Через десять дней я вернулся. «Доброе утро, я снова здесь!» Смотрю, как он работает, задаю вопросы. В какой-то момент говорю: «Вы знаете, у меня неспокойно на душе. Вижу, вы верите в Бога, вами движет какая-то высшая сила. Я неверующий, а вы верующий, и я по вашим глазам понимаю, что у вас на душе спокойно. Послушайте: Бог существует?»
Его глаза засияли: «Послушай, если я скажу, что Он есть, то это может быть враньем, а если скажу, что нет, это будет еще большим враньем». Подумайте только, настоящий Сократ. Глубина этих встреч была невероятной. Существует множество людей, в которых столько поэтичности. Тем, кто запирается в комнате и что-то придумывает там, не достается таких подарков судьбы.
Когда ходите по таким местам, не надо выряжаться, лучше одеваться обычно, чтобы не смущать людей. Первое впечатление всегда обманчиво.
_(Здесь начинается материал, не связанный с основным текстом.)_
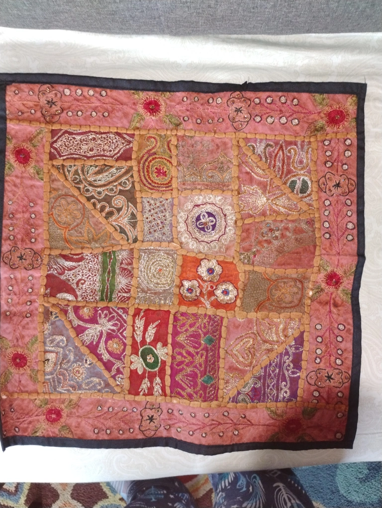 Unique patchwork pillow cover with intricate embroidery and vibrant colours! It would look great in any room of the house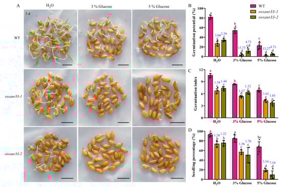The evaluation of seed vigor was conducted according to He et al. [12] under normal and direct seeding conditions. Thirty seeds per replicate of the ossaur33 mutants and WT Nipponbare were germinated in 9 cm-diameter Petri dishes under normal conditions at 25 ± 1 °C for 9 days. Meanwhile, 30 seeds per replicate were sown in 1 cm-deep soils at 25–30 °C for 9 days. Additionally, the influence of glucose (3% and 6%) treatments on seed vigor was also tested. The criteria for seed germination and seedling establishment were as stated in He et al. [3]. Seed vigor, including germination potential, germination index, germination percentage, time to reach 50% germination, and seedling percentage, were calculated. Three biological replications were performed.

Три месяца спустя после этих наших поездок, когда мы искали людей, живущих в уединении, заброшенные деревни, я увидел одну пожилую женщину. Жила она в скромном домишке, два на три метра. Вдоль стен росли разные травки, которые могли сгодиться в пищу, розмарин там. Я, естественно, начал:
— Ой, какая красота, какую тихую, спокойную жизнь вы тут ведете, великолепно! Но скажите мне, как вы здесь проводите время, есть ли у вас какие-то радостные минуты, вы веселитесь, развлекаетесь?
— Конечно, конечно.
— Расскажите мне про них.
— Я сажусь у окна (а ее окно — это такая щелочка) и каждый день после обеда жду, когда покажется луна. Это очень японское видение мира.